Striking Outside the Limit

Bronx, N.Y., September 16, 2012 – The Yankees prevailed 6-4 over the Tampa Rays in an afternoon tilt under a gorgeous sunny sky in the Bronx on Sunday, in a game where it seemed early that the teams could have saved some time and money by giving much of their respective squads the day off. With Hiroki Kuroda pitching around a first-inning Ben Zobrist double and Matt Moore around a walk, the first nine outs of the game were recorded on strike outs, eight of them swinging.

To be fair, Moore was the more dominant hurler to start, not only attested to by Zobrist’s ringing double off the right-center field wall, but also the three-pitch strike outs of both Derek Jeter and Robinson Cano the Tampa southpaw got in the first. But while the young Rays southpaw hit Andruw Jones with a pitch and survived Curtis Granderson’s drive to the wall in the second before posting a fourth strike out, Kuroda whiffed three swinging in that frame, and another in a one-two-three third. By the time the Yankee vet pitched in that inning, the “K” battle was over.

That Moore’s third-inning leadoff walk to Eduardo Nunez was a mistake is a given. That’s always a problem. But as successful as David Price was pinning Nunez to first base with multiple throws on Friday night, the same strategy spelled disaster for Moore. Two or three tosses in, an unthreatened Nunez began toying with him, driving him to distraction with repeated false starts toward second.
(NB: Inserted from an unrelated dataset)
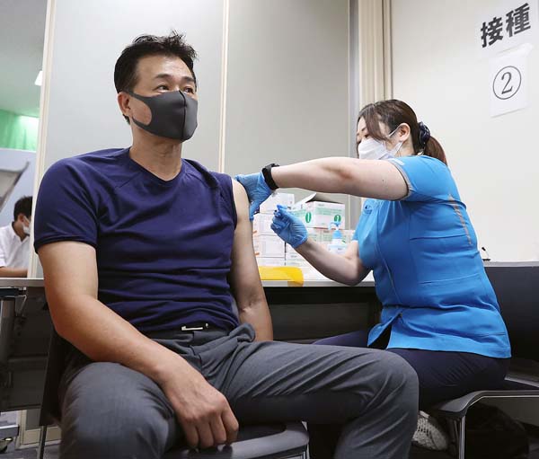 ワクチン接種を受ける中日の与田監督(C)共同通信社

An off-stride sideways flick to first was equally ineffective, and Eduardo finally took second easily on a 1-1 pitch to Jeter. Two pitches later, Nunez’s break off second on Derek’s clean line single to right center was so bad that once the outfield throw was futilely diected toward home, the Yankee Captain was easily able to take second. A surprise Nick Swisher sac bunt got Jeter to third and the infield in; Alex Rodriguez’s ground single up the middle got the Yanks a second tally on hit No. two. A walk, and Russell Martin home run later made it five runs on just three hits. Compounding matters, an error (that probably should have been ruled a hit) by reliever Brandon Gomes on a Nunez bouncer in the fourth, two stolen bases and an A-Rod sac fly to the wall brought a sixth run. The fourth and fifth Yankee hits did not figure in the scoring.
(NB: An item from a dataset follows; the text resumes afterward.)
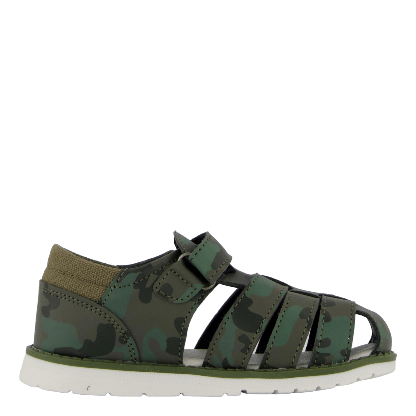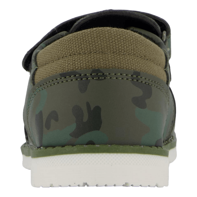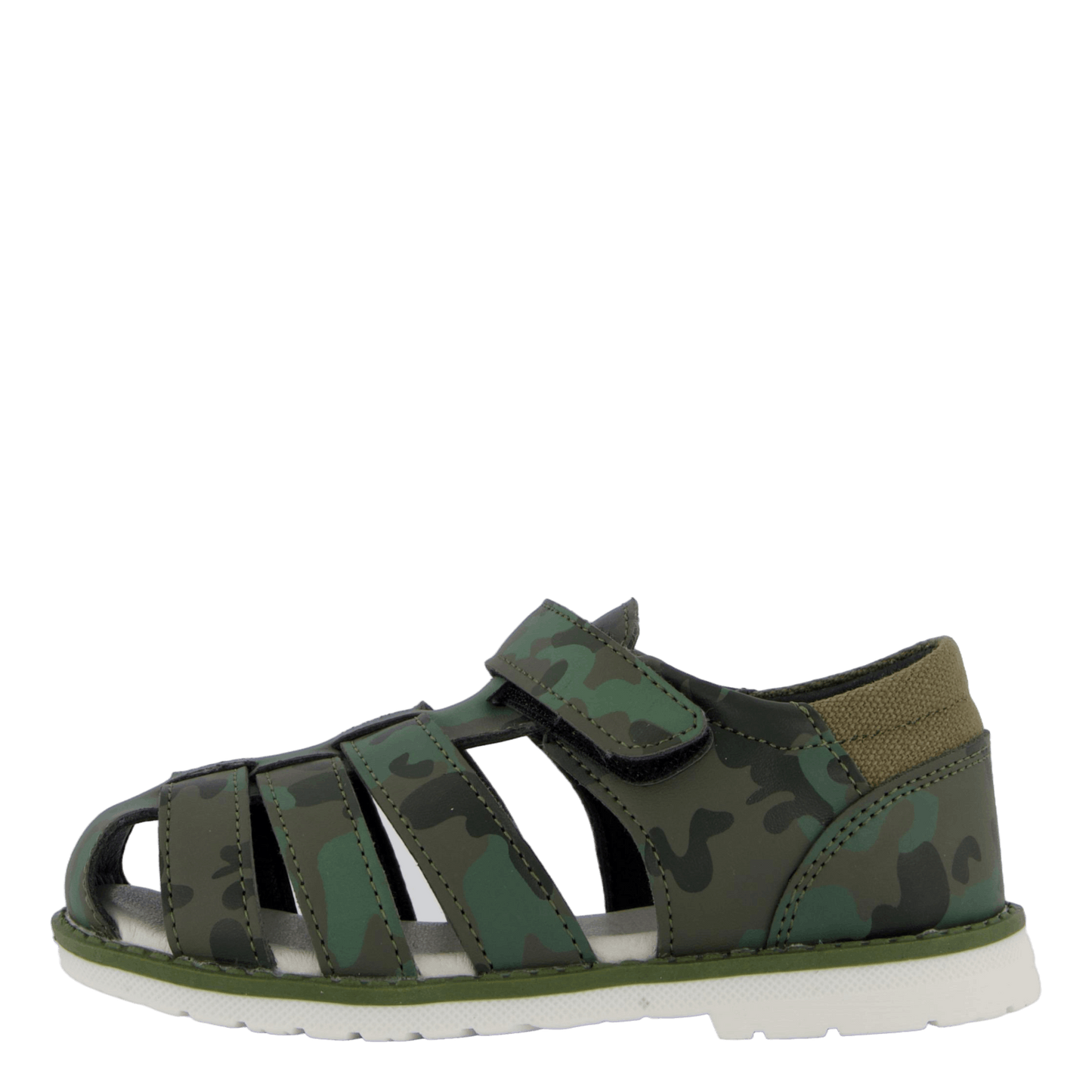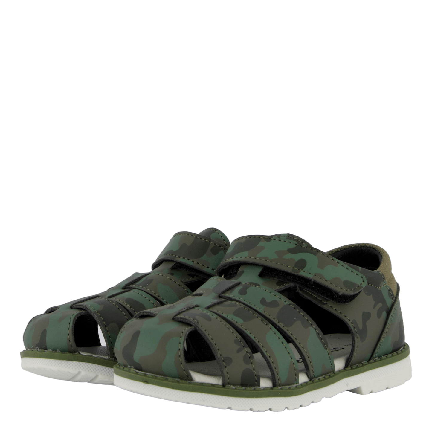 Discover the Humlan Green sandal for children, featuring a stylish camouflage pattern in various green shades. This closed-toe sandal boasts a synthetic leather upper with side cutouts for breathability and a secure velcro strap for easy adjustment. The white, flexible sole provides comfort and contrast, making it ideal for outdoor activities and everyday wear with a military-inspired flair.

By the time Alex drove in that sixth run, Tampa had scored on Kuroda, a first-pitch home run in the top of the fourth by Zobrist. But Hiroki continued to deal, posting his eight and ninth strike outs retiring six straight through the fifth, having made just 68 pitches. But a sixth inning of horrors gave Tampa a chance. A leadoff walk (ouch!) and Desmond Jennings’s swinging bunt base hit got it started, with the dangerous Zobrist to follow. The Tampa shortstop lifted a foul pop past the Yankee dugout on 2-2, but a Yankee fan wearing No. 33 initially battled Steve Pearce for the ball in Bartman-esque fashion, eventually giving way just as the ball caromed off the first baseman’s glove. The price of moat seats can run into four digits, but there are things a fan does not, or should not, demand of his team at any price.

A walk ensued, bases loaded with nobody out, but Evan Logoria bounced a dp ball toward third, only it hit something in the infield grass and bounded high over Rodriguez’s glove for two runs and a 6-3 score. Undaunted, Kuroda coaxed another bouncer, this one to second, and the fourth Tampa run scored on the 4-6-3. Hiroki then struck out B.J. Upton for the third time, his 10th strike out, but the 33-pitch battle ended his day after six innings.

It was an astounding performance, if slightly marred by the sixth, because of the two walks; the hits were a dribbler and a bad bounce. He struck out seven of the first Rays up in the game, pounded 17 first-pitch strikes to 23 batters, and allowed four runs on just four hits and the two free passes. The 62/39 strikes/balls ratio was solid, but the makeup of those 62 strikes was truly extraordinary. Sixteen were called by home plate ump Paul Emmel. But the 46 remaining were evenly divided between balls struck and swings and misses. Deploying nothing more than a low-nineties fastball, deceptive slider, and the occasional split finger, he had major league hitters missing his pitches as often as they hit them! Take it from someone entirely too obsessed with the numbers: You will not see the likes of that often.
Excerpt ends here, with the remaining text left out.